Размышления о боге не приносят покоя моей истерзанной душе, наоборот, они рождают в ней протест и кощунство.
— Почему, — говорю я, обращаясь к тому вездесущему, который заполняет и безбрежную ночь надо мной. — Почему ты такой? В твоем самопожертвовании слишком много показного, ты самодоволен, ты любуешься собой. Разве твой жест самоотречения не был нарочитым, разве не вызван он стремлением понравиться людям? Разве ты принес искупление человечеству, если сам ввергаешь его в такие страдания, каких не выдумал бы и сатана? Неужто, по твоему разумению, первородный грех Адама и Евы так велик, что за него должны страдать миллионы потомков, невинных, как агнцы? Слишком уж ты мстителен, и это делает тебя похожим на тех, кто носит крест свастики, кто распял на кресте целые народы, женщин и детей. В своей злобе ты слишком похож на тех, кто уничтожил Лидице. Разве это не так? Или ты не хочешь вмешиваться в дела мира сего, где царят произвол и безумие, и с высоты безразлично взираешь на истребление слабых, на стократ повторяемую Голгофу? Вправе ли ты называться отцом небесным тех, кого сам зовешь «сыновья и дочери мои»? Разве отец относится к своим детям так, как относишься к людям ты, пославший сына своего, дабы он доказал им любовь твою? Где же эта любовь? Где твоя справедливость?

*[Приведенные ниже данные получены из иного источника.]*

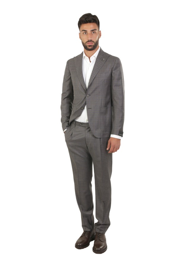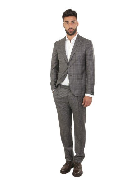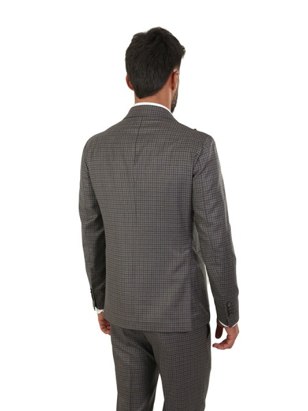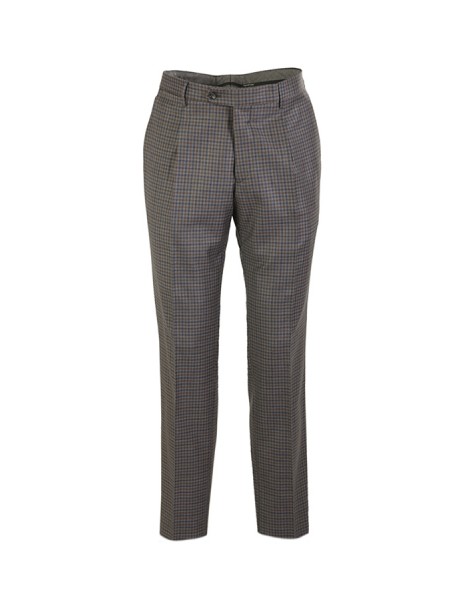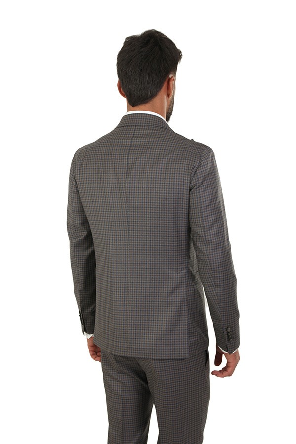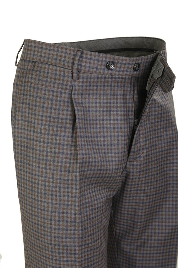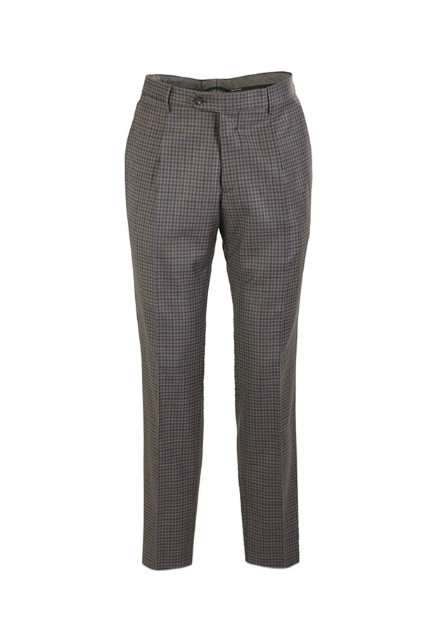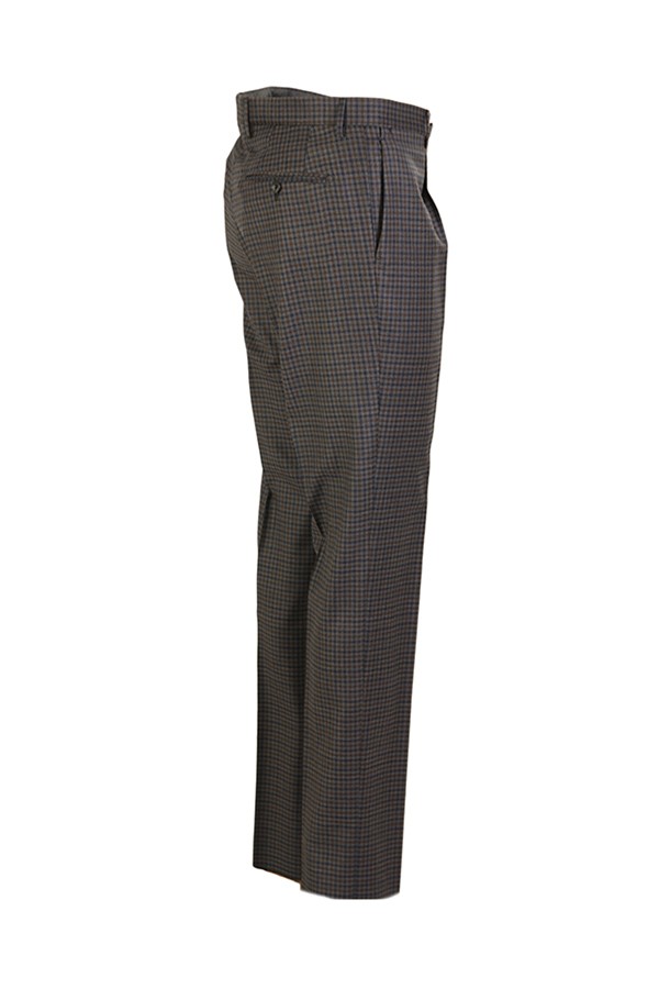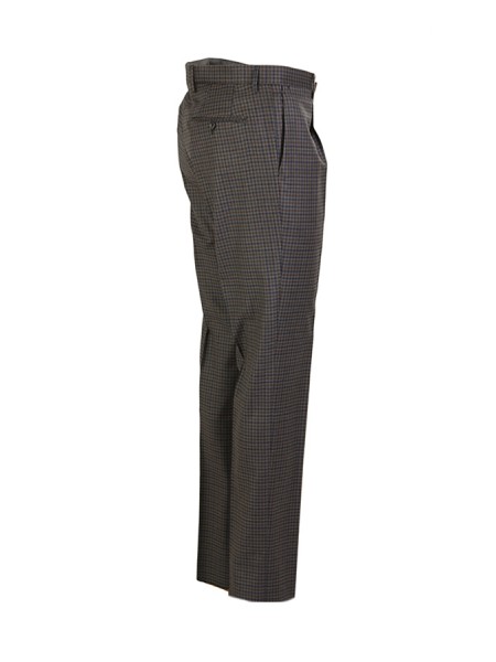 Dress made of wool. Jacket with peak lapels, patch pockets. Trousers with pleats. In checkered pattern.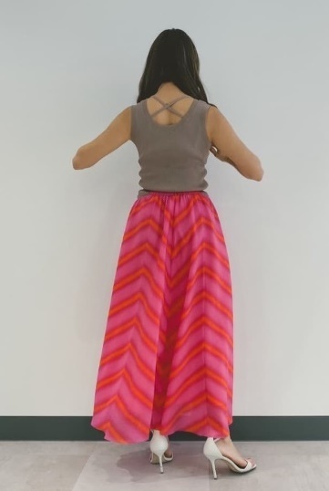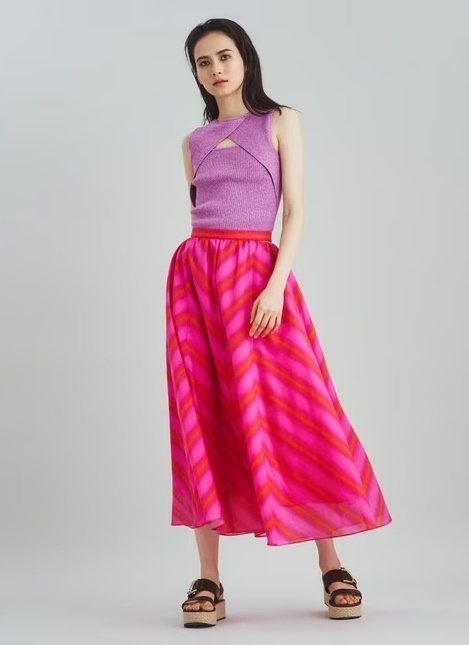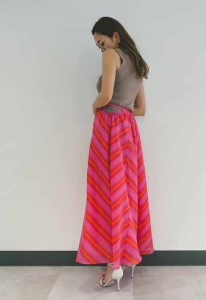 主観では注意深く見ないとわからないレベルだと思いますが気になる方は入札をご遠慮ください。 落ち感のある薄手の涼しげな素材です。ウエストのカットアウトがアクセントになっています。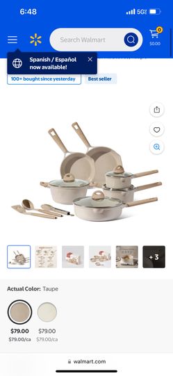 Carote Ceramic Nonstick Pots and Pans Set, 13 Pieces Non-Toxic Kitchen Cookware Sets, Taupe$55Hacienda Heights, CA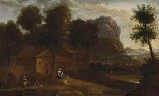 Landschaft mit Architektur- und Figurenstaffage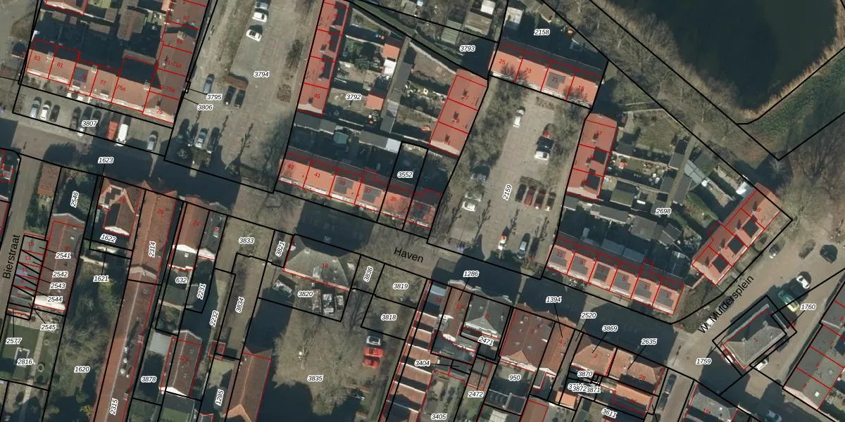 Het perceel waarop Haven 33 staat heeft een oppervlakte van 1693 m². Dit is een zeer groot perceel. De perceeloppervlakte wordt geregistreerd door het Kadaster. Gedetailleerde informatie over de maten van dit perceel kunt u vinden in het rapport Kadastrale kaart met maatvoering van Haven 33.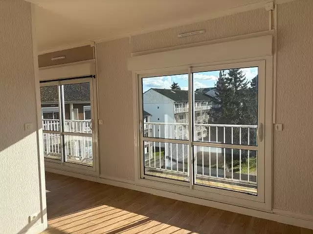 A louer à La Châtre, rue Bernard Naudin, un appartement faux type 5 de 104m² au 3ème étage avec balcons. Facilité de stationnement devant le bâtiment. Ce logement est équipé d'une entrée avec de nombreux placards, un double-séjour, une cuisine, 3 chambres, un cellier, une salle de bain avec baignoire et WC séparé. Chauffage collectif fuel et bois.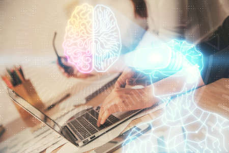 Double exposure of woman hands working on computer and brain hologram drawing. Ai concept.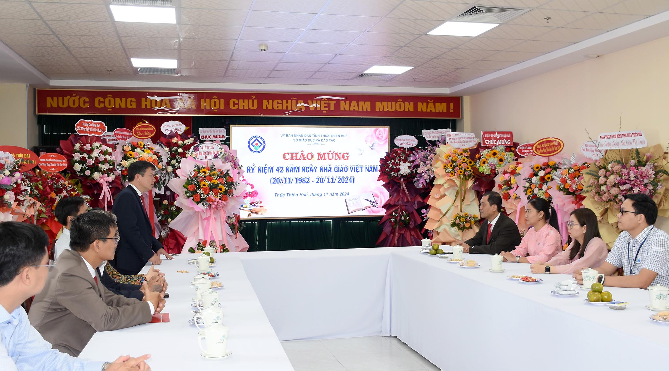 “Ngày Nhà giáo Việt Nam” được tổ chức hằng năm không chỉ dịp để Ngành Giáo dục tôn vinh những người hoạt động trong Ngành, để học trò thể hiện lòng thành kính “tôn sư trọng đạo”. Còn là dịp để xã hội tôn vinh, tri ân những người đã, đang đóng góp và gắn bó với nghề dạy học. Dịp này, Ban Giám đốc Sở Y tế đã gửi tặng những lẵng hoa tươi thắm, lời thăm hỏi chân thành và chúc mừng nhân ngày Nhà Giáo Việt Nam đến lãnh đạo cùng toàn thể cán bộ, công viên chức và quý thầy cô của Sở Giáo dục - Đào tạo, Phân hiệu Học viện Hành chính Quốc gia chi nhánh Huế, Trường Chính trị Nguyễn Chí Thanh, Trường Đại học Y Dược - Đại học Huế, Trường Cao đẳng Y tế Huế…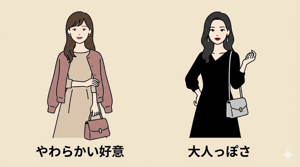 ただし、黒や濃い紫を全身で強く使いすぎると、距離があるように見えたり、「話しかけづらい」と感じさせてしまうこともあります。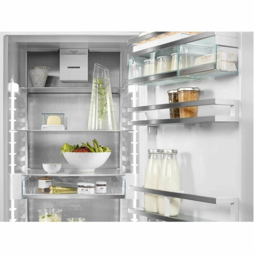 Встраиваемый холодильник Liebherr IRBCi 4150 — это премиальный однокамерный холодильник без морозильника, произведенный в Германии. Это устройство совмещает в себе эстетику и функциональность, обеспечивая превосходное качество хранения продуктов. С его помощью вы сможете улучшить организацию вашей кухни и оптимизировать использование пространства. Дизайн модели отличается строгими линиями и современным стилем, что делает его идеальным дополнением к любому интерьеру. Корпус изготовлен из стали, что гарантирует его долговечность и надежность. Благодаря обработке SmartSteel, поверхность устойчива к отпечаткам пальцев, что облегчает уход за устройством. Техника оснащена технологией SmartDevice-Box, которая позволяет управлять ее функциями с помощью сенсорных элементов управления на Touch&Swipe дисплее. Это обеспечивает удобство использования и позволяет быстро настраивать параметры холодильника в соответствии с вашими потребностями. Особенностью модели является наличие различных режимов работы, включая EnergySaver, NightMode, PartyMode и HolidayMode. Эти функции позволяют оптимизировать энергопотребление устройства, а также подстраивать его под конкретные сценарии использования. Кроме того, холодильник оснащен системой автоматического размораживания и циркуляционного охлаждения PowerCooling. Внутреннее пространство прибора продумано до мелочей. Он имеет объем холодильной камеры 188 литров, а полезный объем составляет 137 литров. Внутри вы найдете 6 полок из закаленного стекла, секционную полку и универсальную полку для бутылок. Система выдвижения ящиков обеспечивает удобный доступ к продуктам. В холодильнике предусмотрены специальные отделения для хранения масла, сыра и консервов. Отделения DrySafe и HydroSafe позволяют сохранять продукты свежими на долгое время. Все это делает холодильник Liebherr идеальным выбором для тех, кто ценит качество и комфорт. Ключевые преимущества: Технология SmartDevice-Box для удобного управления Система автоматического размораживания и циркуляционного охлаждения Специальные отделения для хранения различных продуктов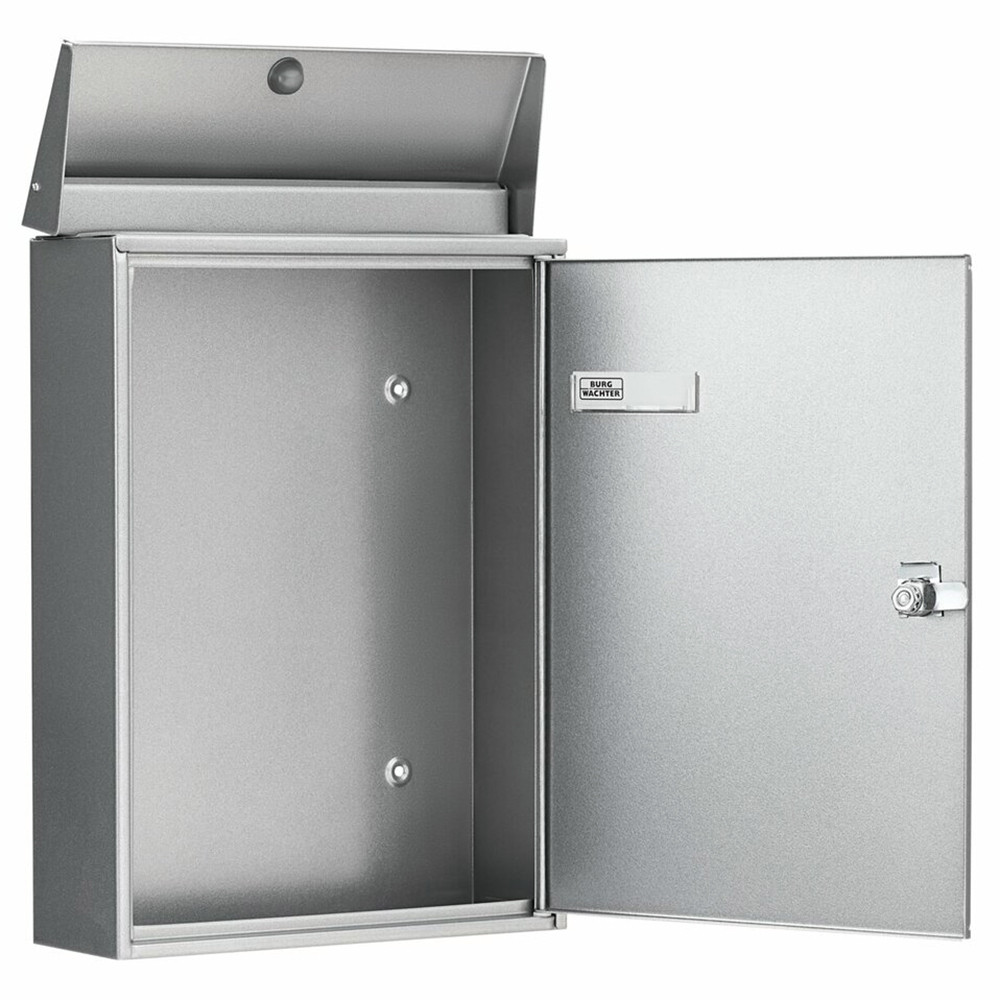 •kapun, kerítésen kívülre szerelhető postaláda•anyaga horganyzott acéllemez•műanyag porszórással színezett•időjárásálló lakkozás•hagyományos megjelenésű kültéri levélszekrény•felső bedobónyílás felhajtható tetővel•oldalra nyíló ajtó névtartóval•krómozott postaláda zár•kettő darab kulccsal•többféle színben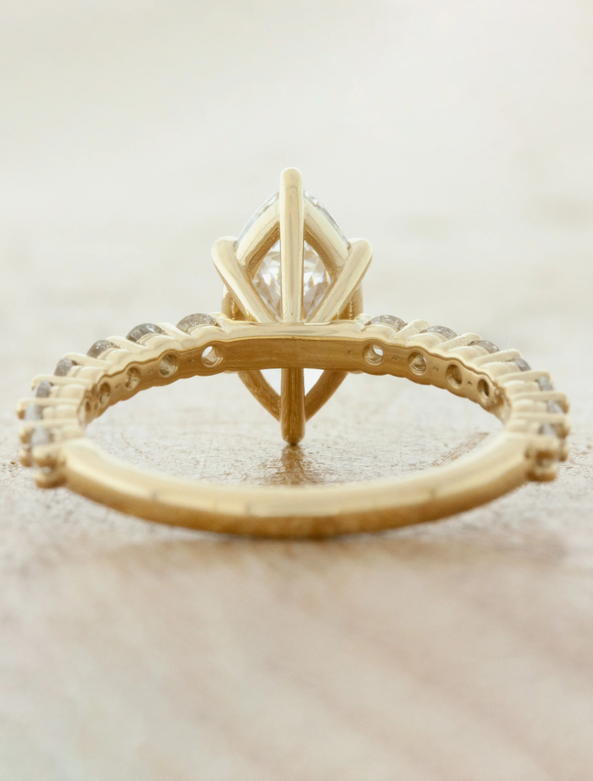 The Palma leaves you in complete awe. She is everything and more; refined, sophisticated, dazzling and a miraculous example of excellent craftsmanship. She glistens from every pore of her entity. The 1.27ct E VS1 lab grown marquise cut diamond at the center of her heart and soul is super unique and completes the 14k yellow gold Palma in the most perfect way.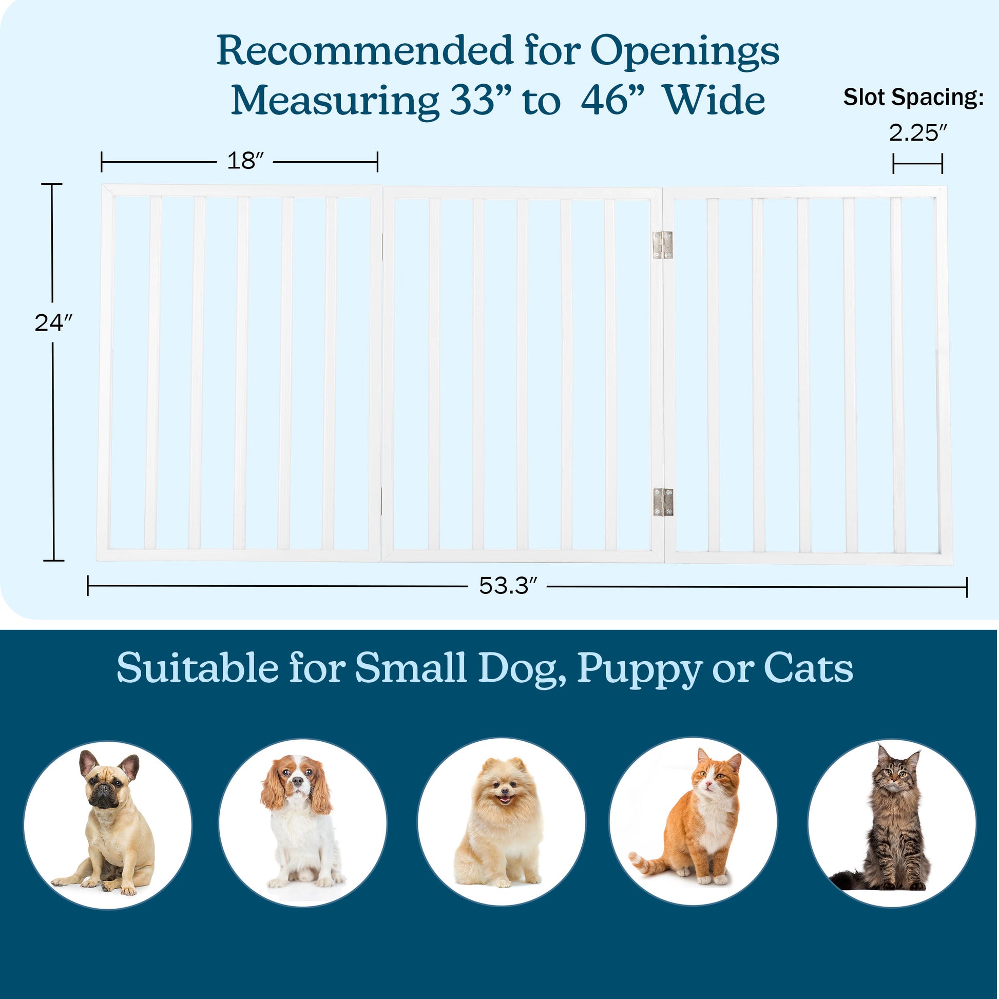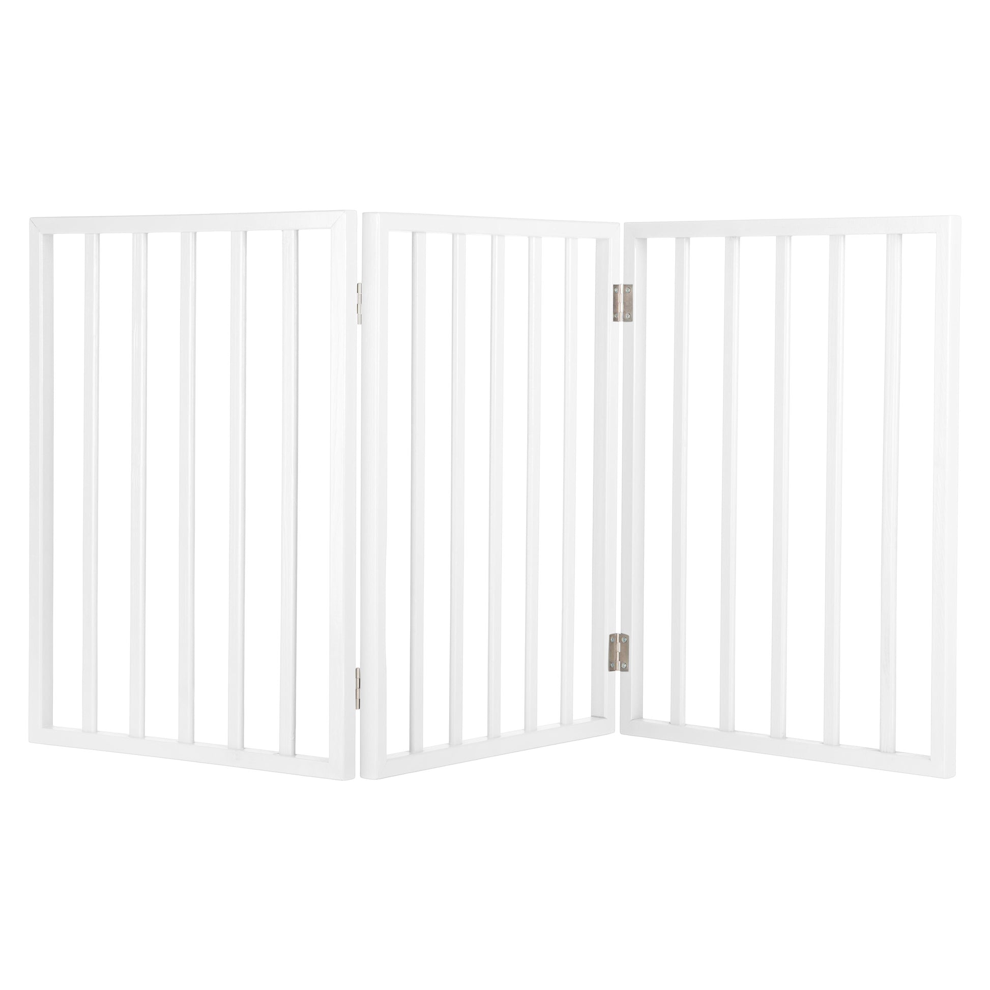 - This versatile free standing pet gate is ideal for use in doorways, at the top or bottom of stairways, in hallways, or any indoor openings 33 to 46-inches-wide

Почему ты не поможешь людям, молящим о помощи, почему не внемлешь им, почему ты глух к молитвам, которым сам научил людей? Зачем ты притворяешься всемогущим, если не в силах помочь? А если в силах, то почему бездействуешь? Как ты можешь видеть эту бойню и не покарать виновников, ты, без колебаний покаравший первых людей, нарушивших твой запрет?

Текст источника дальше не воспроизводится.